Tonight in the ED, I met a 10-year-old boy after a road traffic accident. An open, operable depressed frontal bone fracture.

Currently he was awake. Talking. Fully conscious.

Clinically, the decision was straightforward. Humanly, it was devastating.

He needed urgent surgery. We explained it again and again—to his father, gently, clearly, honestly. We spoke about risks, about delay, about what could go wrong. Seniors were involved. Time slowed down around that bed.

And still, the answer was no.

This is the part of emergency medicine no one prepares you for—the moment when you know what the patient needs, you say all the right things, and yet you are forced to step back. Not because you don’t care. Not because you don’t know. But because consent, fear, circumstances, and reality draw a line you cannot cross.

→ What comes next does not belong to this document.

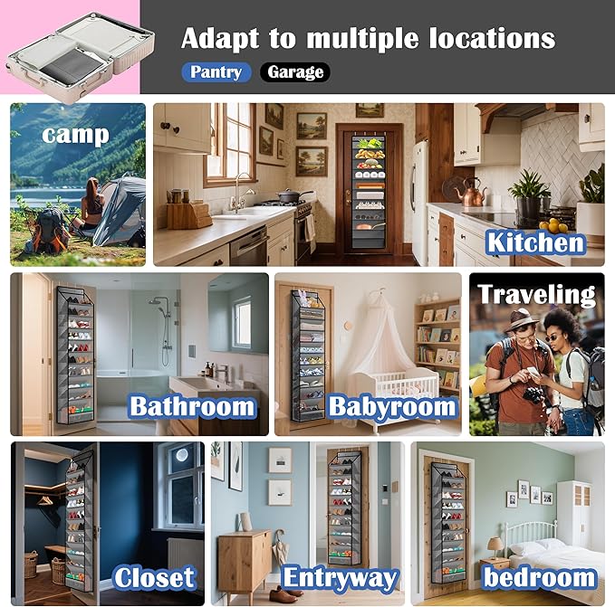 - 【 Effortless Installation & Flexibility】:No drilling or tools required! Instantly transform your door space by simply hanging these organizers. Ideal for those who want to keep their walls pristine. Lightweight and portable, they can be easily disassembled or repositioned based on your changing storage needs.

Walking away from that child hurt.

As emergency physicians, we’re trained to act—to intubate, decompress, resuscitate, save. But some nights, our role is reduced to hoping. Hoping the child stays stable. Hoping the family changes their mind. Hoping the system somehow catches him before harm does.

These cases don’t feel like clinical failures. They feel like emotional injuries.

I don’t know what happened after he left my care. I genuinely hope he is safe, and that he gets the surgery he needs. But the weight of not knowing is something many of us carry quietly.

I’m sharing this because I know I’m not alone. If you work in emergency care, you’ve felt this helplessness too—especially when the patient is a child. We rarely talk about it, but maybe we should.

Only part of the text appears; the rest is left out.